By (4) there is a bijection [tex]g\colon A\to \mathbb{R}:[/tex] with each set [tex]A_x[/tex] we associate the a unique real number [tex]g(x)[/tex]. Let us define the function [tex]f\colon \mathbb{R}\to\mathbb{R}[/tex] as follows: if [tex]y\in A_x[/tex], then let [tex]f(y)=g(x).[/tex] This is well defined map: by (3), y is in some [tex]A_x[/tex] and by (1) there is only one possible choice for [tex]f(y)[/tex].

Let us show next that f has the iv-property. Assume that a<b are real numbers. If [tex]f(a)=f(b)[/tex], then there is nothing to prove.
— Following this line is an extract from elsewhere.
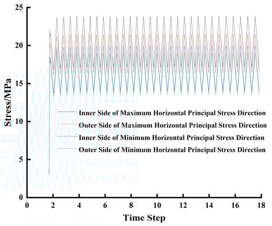 To explain the aforementioned microcrack distribution characteristics of the cement sheath, stress curves of the inner and outer sides in the directions of the maximum and minimum horizontal principal stresses were obtained by monitoring the internal stress of the cement sheath (Figure 6). It can be concluded from the curves that the stress in the direction of the maximum horizontal principal stress is greater than that in the direction of the minimum horizontal principal stress, which concentrates the microcracks in the cement sheath body in the direction of the maximum horizontal principal stress. The stress on the inner side of the cement sheath is greater than that on the outer side, so there are more microcracks on the inner side than on the outer side, which is consistent with Wei Lian et al. [35]’s results.
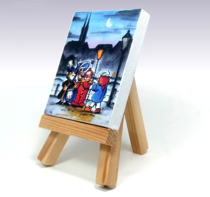 Mini-Staffelei mit einem Fasnachtshelgen.

Suppose that [tex]f(a)<f(b)[/tex] and let [tex]x\in [f(a),f(b)].[/tex] Let [tex]z = g^{-1}(x).[/tex] By (2) the set [tex]A_z[/tex] is dense in [tex]\mathbb{R}[/tex], so there must be a [tex]y\in A_z\cap [f(x),f(y)].[/tex] By definition [tex]f(y)=x.[/tex]

Let us now show that if [tex]x_0\in \mathbb{R}[/tex] is arbitrary, then [tex]f[/tex] is not continuous at [tex]x_0.[/tex] This is easy, since [tex]A_y=A_{x_0+\sqrt{2}}[/tex] is dense in any neighbourhood of [tex]x_0[/tex] and [tex]f(x_0)\ne f(y)[/tex] plus [tex]f[/tex] is constant on [tex]A_y[/tex].